> [Requirement]: Among the entries below, which lines run from the line with "A mix of solid" through the line with "上記のボタンから「負の数があ"? Retype those, both ends included, exactly and without pictures.

*** Source material ***

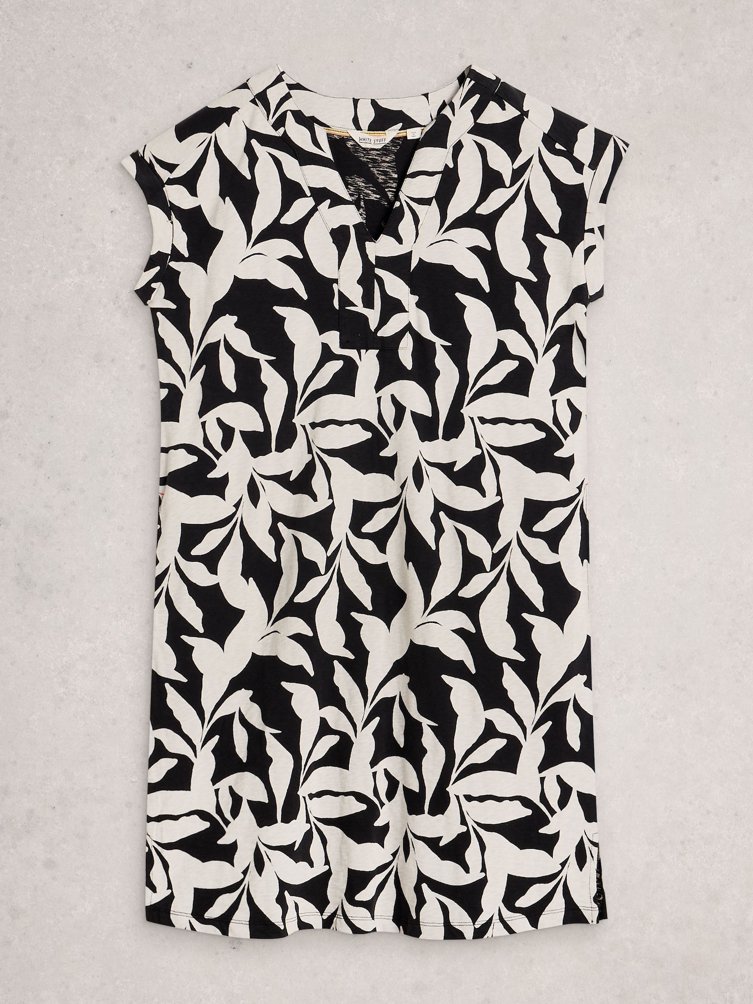 Prosty fason tuniki z wyciętym dekoltem i praktycznymi kieszeniami. Bez podszewki i bez elastyczności; 100 % bawełna Fairtrade, długość 98 cm.
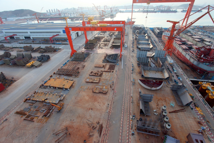 承擔(dān)平面分段片體翻身、合攏和裝配工作;雙層底立體分段的焊接工作;頂邊艙立體分段的焊接工作;曲面分段翻身焊接工作總段制造工作;總段預(yù)舾裝工作。主尺度:該場(chǎng)地長(zhǎng)475m,寬90m,面積42750 。
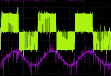 同样,对变频器的输出侧,电压是频率可调的载波信号,含有较多的高次谐波,如下图:
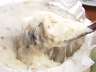 冷めたものを薄くカットして油で焼くのが一般的ですが、蒸したての熱々トロトロをいただくのはウイニー先生流です。
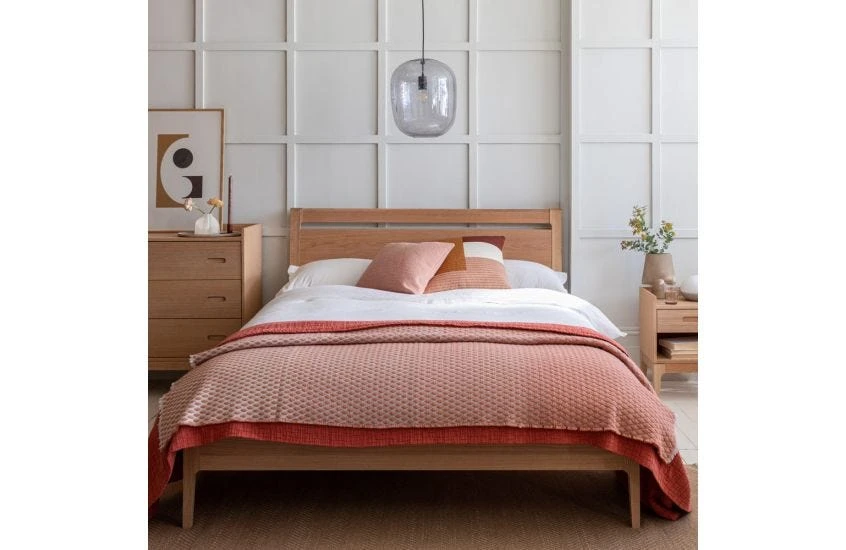 A mix of solid oak legs and oak veneer frame with white wash finish
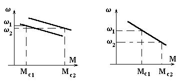 Понятие “регулирование скорости”, когда используются разные характеристики (рис. 7, а), не следует смешивать с изменением скорости, даже значительным, которое вызывается ростом или снижением нагрузки и происходит в соответствии с формой данной механической характеристики (рис. 7, б).
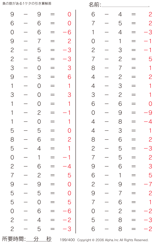 上記のボタンから「負の数がある1ケタの引き算」の算数数学ドリル・計算ドリル(PDFプリント)がダウンロードできます。個人利用は無料です(家庭以外での配布は有料です)。
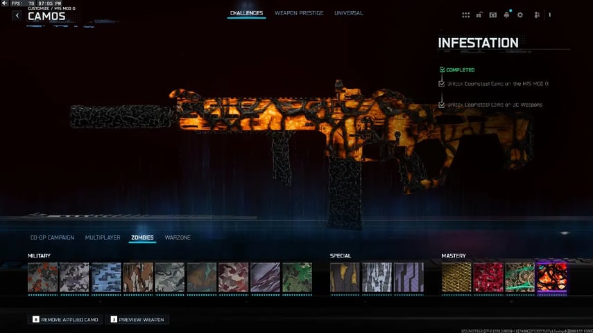 Infestation kendisi, Doomsteel kamuflajının tüm 30 silah için kazanılmasıyla otomatik olarak açılır, her silaha ayrı ayrı tamamlama gerektirmeden aynı anda uygulanır. Kamuflaj, benzersiz animasyonlu bir görünüme sahiptir; silah ateşlendiğinde tepki veren titrek koyu uzantılar ve renk değiştiren kas lifleri bulunmaktadır, bu da onu BO7’de görsel olarak en zorlu kilit açmalardan biri yapar.

*** End of Source material ***

> [Task output]:
 A mix of solid oak legs and oak veneer frame with white wash finish
 Понятие “регулирование скорости”, когда используются разные характеристики (рис. 7, а), не следует смешивать с изменением скорости, даже значительным, которое вызывается ростом или снижением нагрузки и происходит в соответствии с формой данной механической характеристики (рис. 7, б).
 上記のボタンから「負の数がある1ケタの引き算」の算数数学ドリル・計算ドリル(PDFプリント)がダウンロードできます。個人利用は無料です(家庭以外での配布は有料です)。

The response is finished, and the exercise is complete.